Expanding Access (Video)

Professor of Physics and Astronomy Philip Nelson discusses the ins and outs of authoring a science textbook.

Thursday, January 22, 2015

By Blake Cole

When Philip Nelson couldn't find a textbook that suited the needs of his biophysics class, he didn't take any shortcuts—he wrote one. "I didn’t feel that there was a book that really spoke to physics students about why this subject might be interesting to them,” he says. “There was a gap there.” Physical Models of Living Systems was the result. It is designed to capture the unique intersection of biology, physics, and data manipulation, which often involves computer programming.

A textbook is a daunting proposition for any academic, one that involves putting other research on hold. You also have to manage expectations, says Nelson, whose first textbook, Biological Physics: Energy, Information, Life, has been translated into three different languages. “Like so many projects, I let it get to an advanced state before I told my local colleagues what was going on, just in case it proved to be a big flop.” In the early stages Nelson collaborated with scholars around the world, to get their expert opinion on his approaches. He also worked with specialized model makers and technical illustrators to visualize the science for students.

When it came down to pinpointing what kinds of materials were going to make it into the textbook, Nelson had a secret weapon: his own students. “I think it’s really important to teach a class a few times to see what works,” he says. “So many times I walk into the classroom, I give this very interactive class, and it’s quite different from what I had written. I then have to walk out and immediately rewrite it because there’s something that synthesizes on the spot under the pressure of talking to an audience.”
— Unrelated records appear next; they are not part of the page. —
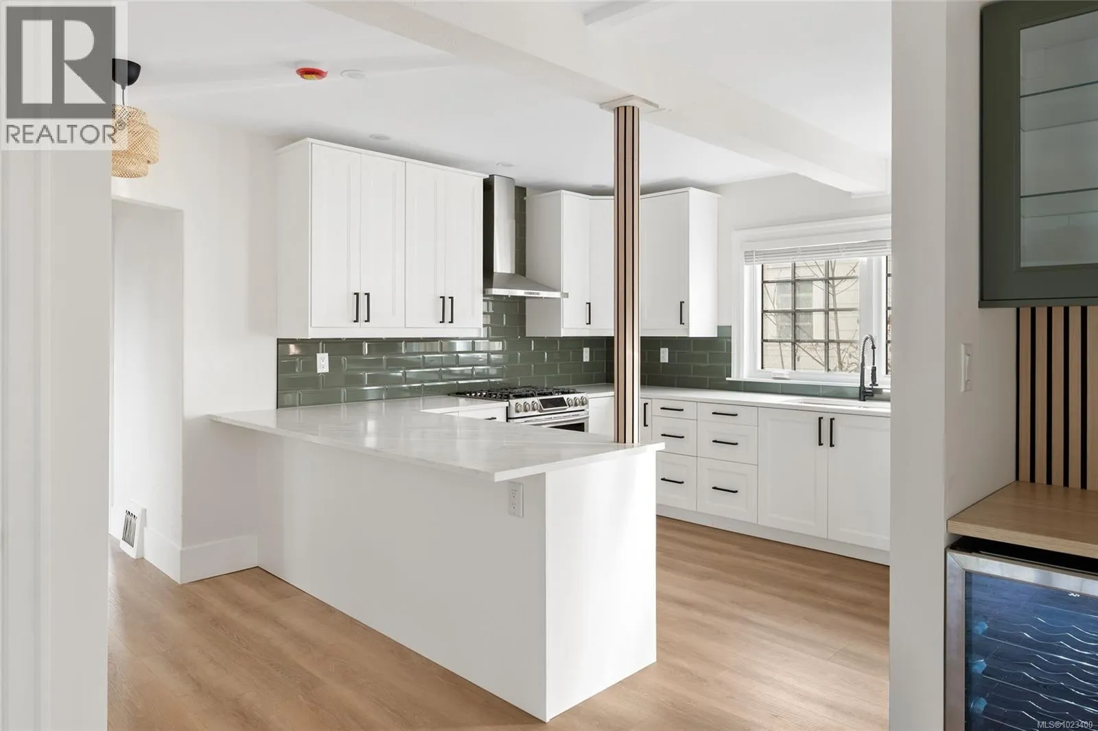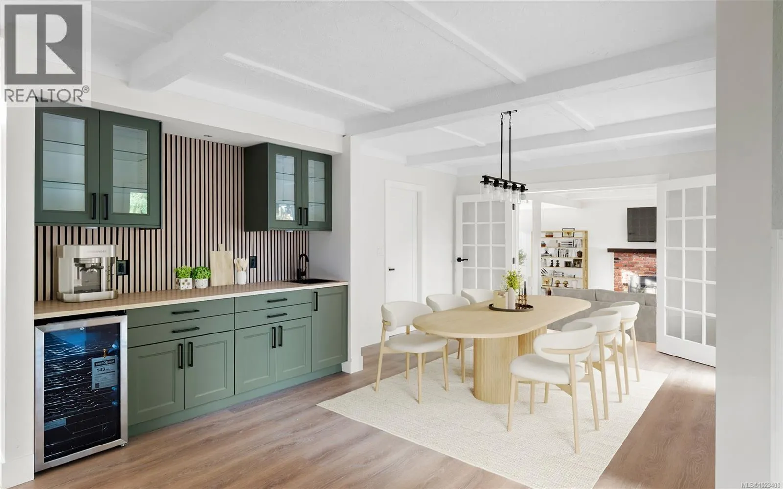 Exceptional character home boasting a luxurious modern renovation while still embodying its true character. Situated in the heart of Cordova Bay & privately nestled on an 11,081 sq/ft lot; this 4,000 sq/ft residence offers 4Beds+Den & 3Baths w/a flexible layout for any lifestyle. The main features an exquisite remodeled kitchen & walk-in pantry seamlessly flowing to a beautiful built-in wet bar & DR. From there step into your opened up character LR accented w/beams, HW flrs, built-ins & FP. Or on those long summer nights, easily transition out to your large deck & fenced yard w/hot tub-perfect for entertaining. A home office, south-facing patio w/ocean views & spacious FR w/gas FP complete the main. Up find an executive primary w/11â vaulted ceilings, dual walk-ins & luxury ensuite, 3 additional BRs & full bath. The lower offers a large rec room & flex space. Updates: flooring, paint, fixtures, newer windows, drains & 2 heat pumps. A perfect blend of timeless charm & modern elegance! (id:27476)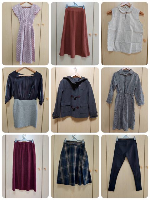 物品狀況:二手衣物,尺寸S~M。有夏天背心也有冬天外套長裙,earth牛角外套鈕釦處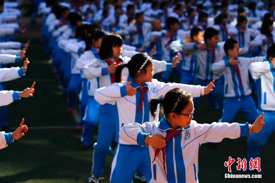 3月6日,北京交大附小的同学们在课间操时间练习养生气功八段锦。中新社发 富田 摄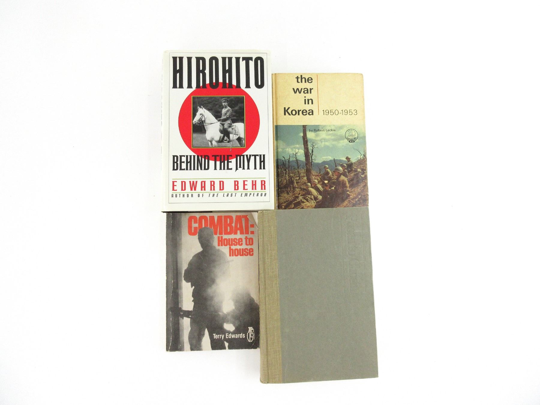LOT INCLUDES; (1) "COMBAT: HOUSE TO HOUSE" BOOK BY TERRY EDWARDS, SOFT COVER, COPYRIGHT 1979, (1) "HIROHITO, BEHIND THE MYTH" BOOK BY EDWARD BEHR, HARD COVER WITH DUST COVER, ISBN: 0-394-58072-9, (1) "THE WAR IN KOREA 1950-1953" BOOK BY ROBERT LECKIE, HARD COVER, COPYRIGHT 1963 & (1) "THE KOREAN WAR, PUSAN TO CHOSIN, AN ORAL HISTORY" BOOK BY DONALD KNOX, HARD COVER, ISBN: 0-15-147288-2. SEE PHOTOS.

The field of biophysics is constantly evolving, says Nelson. Long ago, biology and physics—as well as the other scientific fields—were not considered distinct topics, but were instead referred to under the umbrella of “natural philosophy.” Today, that same level of narrow specialization has led to innumerable breakthroughs, but it often has the unfortunate effect of preventing interaction across fields. The weaving together of different approaches, however, can have very real practical applications. 
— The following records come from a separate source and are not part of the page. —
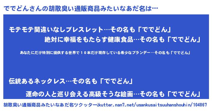| 男性向けラノベタイトル風あだ名 | 『ででどん~年齢イコール彼女いない歴の魔法使い~』 |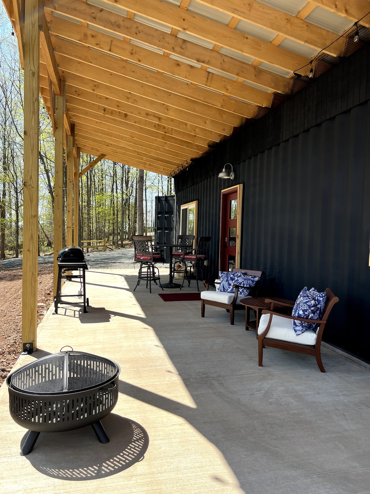 非常適合浪漫雙人度假。 獨特的空間,位於明亮的改裝貨櫃中,您會發現自己被奢華的裝飾所包圍,置身於僻靜的自然環境中。在私人門廊上放鬆身心,欣賞森林和山景,欣賞迷人的日出和日落。 享受在樹林間的戶外淋浴體驗。 在火坑旁度過浪漫的夜晚,同時觀賞星空。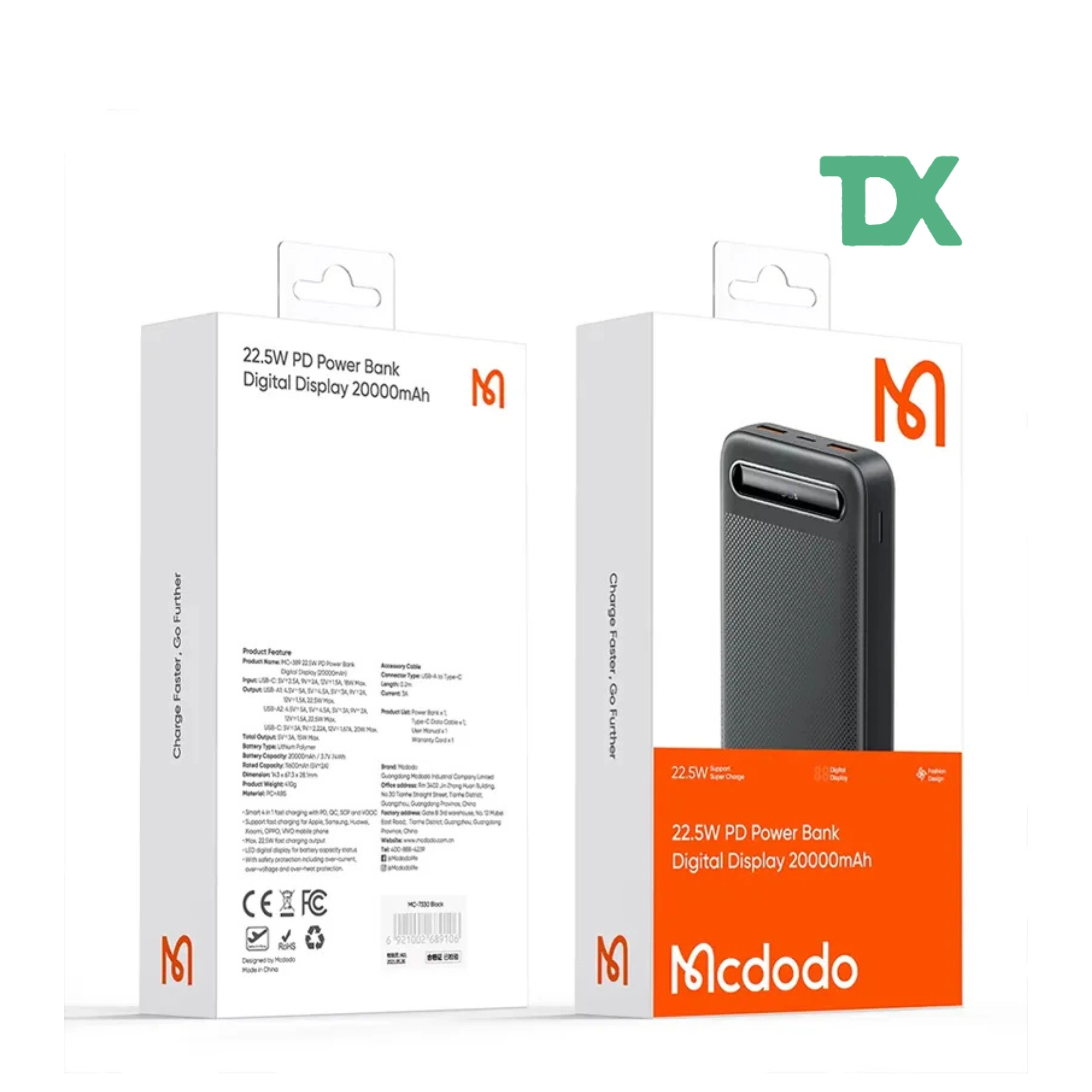 پاوربانک مک دودو مدل Mcdodo MC-389 با ظرفیت 20000 میلیآمپر، شارژ سریع PD/QC، نمایشگر LED و طراحی مقاوم؛ مناسب برای شارژ سریع گوشی و تبلت. خرید با گارانتی از تیدکس استور (tidexstore.com).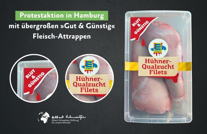 Um den Edeka-Vorstand zum Handeln zu bewegen, protestieren Aktive von der Albert Schweitzer Stiftung für unsere Mitwelt am Mittwoch vor der Edeka-Zentrale in Hamburg. Zur Aktion werden überdimensionale „Gut & Günstig“-Hühnerbrustfiletverpackungen und Masthuhn-Attrappen in Einkaufswagen vor dem Haupteingang platziert. Die Protestierenden stehen zeitgleich mit Bannern, Schildern und starken Botschaften für Fotos, Videos und O-Töne bereit.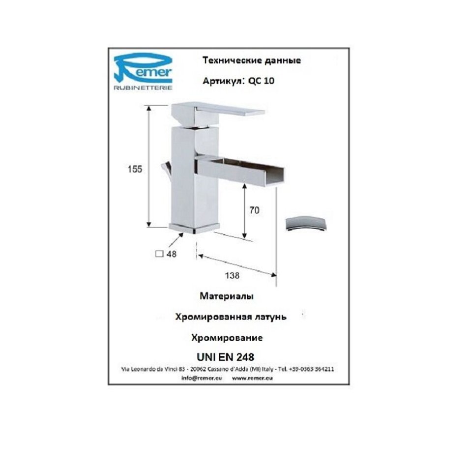 Смеситель Remer Qubika Cascata QC10 для раковины, c донным клапаном, цвет хром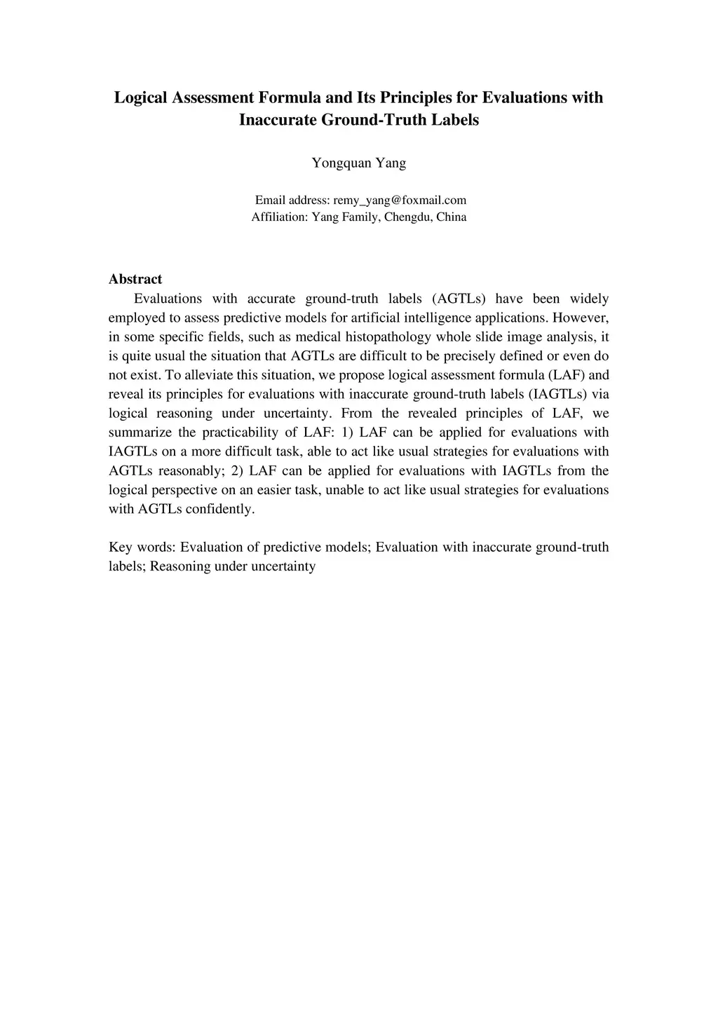 Evaluations with accurate ground-truth labels (AGTLs) have been widely employed to assess predictive models for artificial intelligence applications. However, in some specific fields, such as medical histopathology whole slide image analysis, it is quite usual the situation that AGTLs are difficult to be precisely defined or even do not exist. To alleviate this situation, we propose logical assessment formula (LAF) and reveal its principles for evaluations with inaccurate ground-truth labels (IAGTLs) via logical reasoning under uncertainty. From the revealed principles of LAF, we summarize the practicability of LAF: 1) LAF can be applied for evaluations with IAGTLs on a more difficult task, able to act like usual strategies for evaluations with AGTLs reasonably; 2) LAF can be applied for evaluations with IAGTLs from the logical perspective on an easier task, unable to act like usual strategies for evaluations with AGTLs confidently.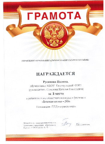Районный конкурс "Зеленная волна - 2016!". Русинова Полина - 3 место. |

Nelson cites the early days of the HIV epidemic as an example of physical modeling at work. In the beginning, anti-retroviral drugs appeared very promising, but one by one each drug eventually lost its effectiveness. “To some it seemed the only response was, ‘okay, that was the wrong drug, find another one.’ But instead, two interdisciplinary teams decided to step back, revisit some basic assumptions, and ask how the available data would look if those assumptions were changed.” One of those groups, headed by Perelman School of Medicine professor George M. Shaw (then at University of Alabama at Birmingham), proposed a new, simple model of virus dynamics and devised an experiment to test it quantitatively. “It turned out that HIV was evolving inside each individual patient,” says Nelson, “an insight that rapidly led to the current triple-drug-therapy that has been used ever since.”

Nelson, who jokes he’s been at the University for “just 27 years,” says it’s Penn, and its physics department in particular, that has offered him the extraordinary freedom to grow his career in such unique directions. “When I came here, I was a superstring guy. And I said to the chair, ‘Wow, you have a course on the general theory of relativity on the books which hasn’t been taught for ages. Could I please do it?’ And the answer was, ‘Oh, sure, give it your best shot.’ And that’s a great feature of my department: You have an idea, you pitch it, and they typically go for it.” 
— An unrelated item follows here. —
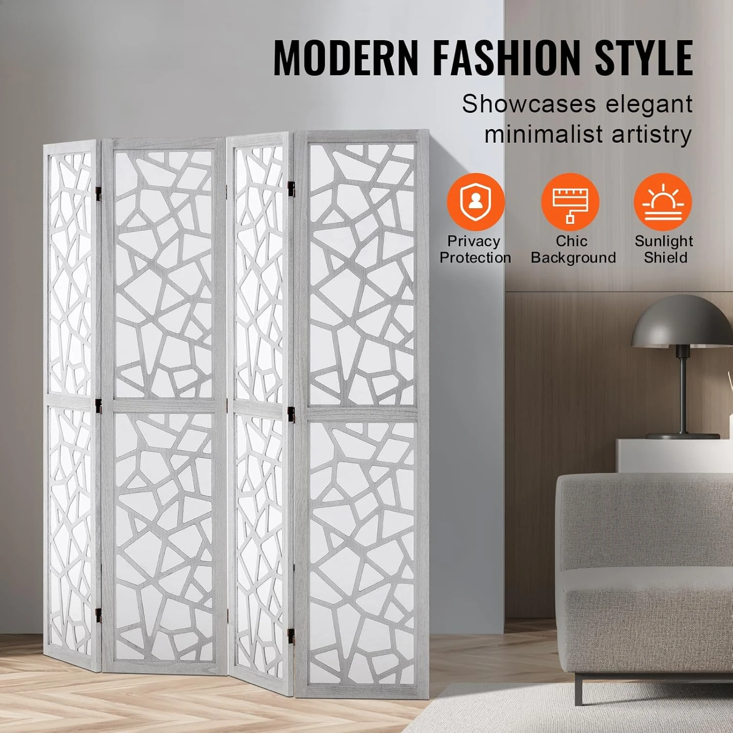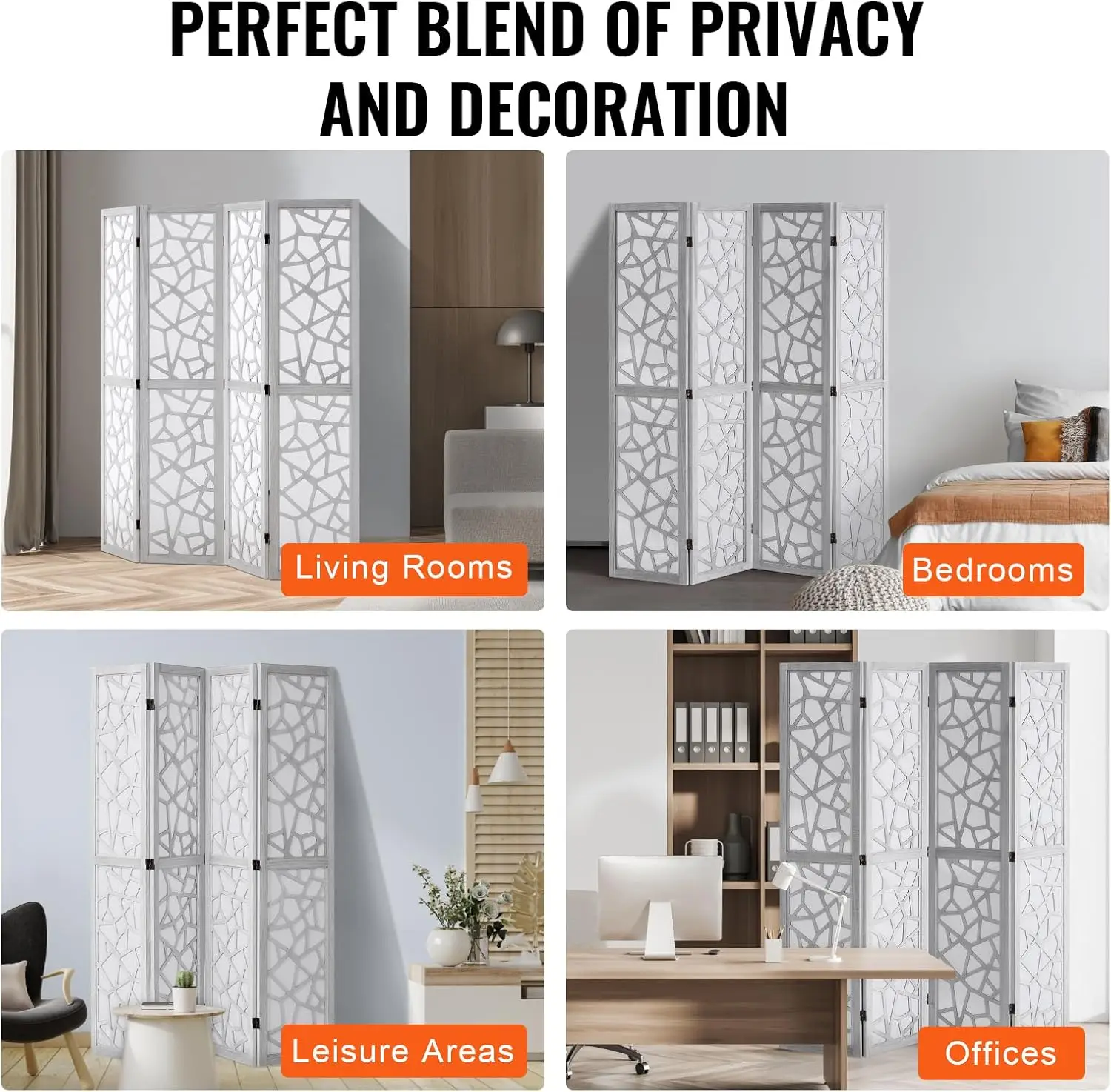 Wood Room Divider, 4 Panel Wood Folding Privacy Screen, 66.9 Inches Tall Indoor Carved Wooden Partition, Portable Decoration Screen, for Room Separation, Home, Office, Restaurant & Bedroom

Nelson is constantly scanning the scientific world for new and exciting developments. An ongoing revolution in optical methods like super-resolution imaging—the technology associated with the 2014 Nobel Prize in Chemistry—is a hot topic among his students. “They come to me and say, ‘Nobody in our lab knows how it works.’ So I find a way to address it at a level appropriate to that audience,” says Nelson. It’s those same interactions with students that inspire Nelson every day. “I surveyed everyone who took Physics 280—the course the textbook was based on—over the past 7 years, and was frankly amazed at the high response rate and how many of the students immediately recollected the material,” says Nelson. “They tell me they are utilizing the skills we covered in the course in their current careers. For me, that is the best indication that I gave them something valuable.”

Below, view examples of some of the physical models from Nelson's new textbook, as well as a timelapse video of cell division in a frog embryo.

 

Professor Nelson uses a pyramid model like this one in class in order to represent the four "faces" of biophysics: words, pictures, formulas, and code. The sum of the four parts: data. (From P Nelson, Physical Models of Living Systems, W H Freeman and Co., 2015).

An example of a mechanical oscillator. When an imbalance causes the balance beam to tilt, the inlet nozzle changes the flow to correct it, a simple example of negative feedback. (From P Nelson, Physical Models of Living Systems, W H Freeman and Co., 2015).



Timelapse video of cell division in a frog embryo. The overall size of the embryo is about 1 mm diameter throughout the video; the actual duration of each division cycle is about 25 min. Video micrograph courtesy Tony Yu-Chen Tsai.